Deep learning for time series classification
- URL: http://arxiv.org/abs/2010.00567v1
- Date: Thu, 1 Oct 2020 17:38:40 GMT
- Title: Deep learning for time series classification
- Authors: Hassan Ismail Fawaz
- Abstract summary: Time series analysis allows us to visualize and understand the evolution of a process over time.
Time series classification consists of constructing algorithms dedicated to automatically label time series data.
Deep learning has emerged as one of the most effective methods for tackling the supervised classification task.

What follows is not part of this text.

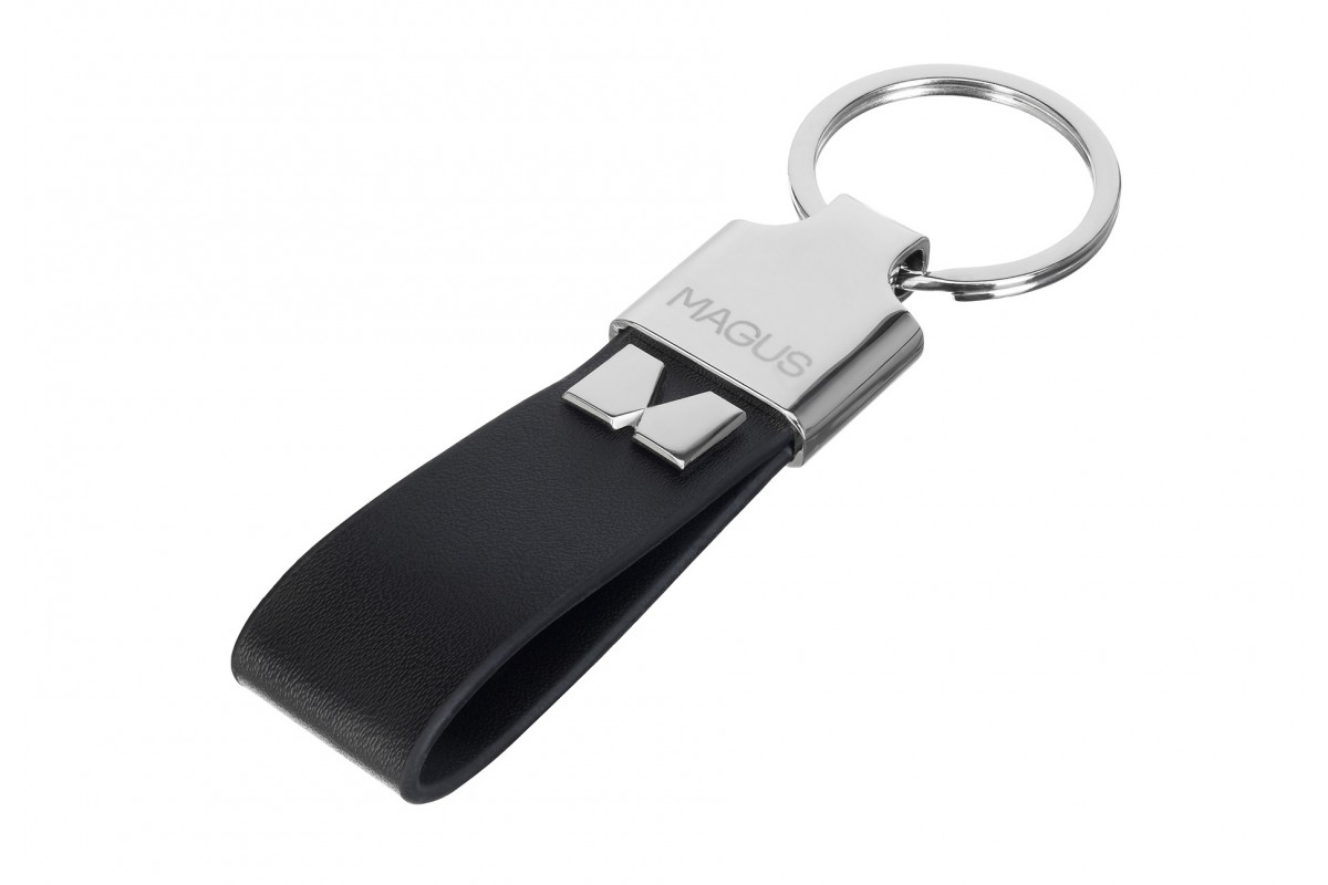 Брелок MAGUS из черной искусственной кожи – это фирменный аксессуар, напоминающий о любимом бренде в повседневной жизни. Его можно прикрепить на сумку, рюкзак, куртку, связку ключей и т. д. Брелок достаточно крупный и заметный, его длина составляет 11 сантиметров с учетом колечка для крепления. Основной акцент – металлический шильдик с логотипом MAGUS, а также гравировка с названием бренда.

- Score: 2.0305676256390934
- License: http://arxiv.org/licenses/nonexclusive-distrib/1.0/
- Abstract: Time series analysis is a field of data science which is interested in
analyzing sequences of numerical values ordered in time. Time series are
particularly interesting because they allow us to visualize and understand the
evolution of a process over time. Their analysis can reveal trends,
relationships and similarities across the data. There exists numerous fields
containing data in the form of time series: health care (electrocardiogram,
blood sugar, etc.), activity recognition, remote sensing, finance (stock market
price), industry (sensors), etc. Time series classification consists of
constructing algorithms dedicated to automatically label time series data. The
sequential aspect of time series data requires the development of algorithms
that are able to harness this temporal property, thus making the existing
off-the-shelf machine learning models for traditional tabular data suboptimal
for solving the underlying task. In this context, deep learning has emerged in
recent years as one of the most effective methods for tackling the supervised
classification task, particularly in the field of computer vision. The main
objective of this thesis was to study and develop deep neural networks
specifically constructed for the classification of time series data. We thus
carried out the first large scale experimental study allowing us to compare the
existing deep methods and to position them compared other non-deep learning
based state-of-the-art methods. Subsequently, we made numerous contributions in
this area, notably in the context of transfer learning, data augmentation,
ensembling and adversarial attacks. Finally, we have also proposed a novel
architecture, based on the famous Inception network (Google), which ranks among
the most efficient to date.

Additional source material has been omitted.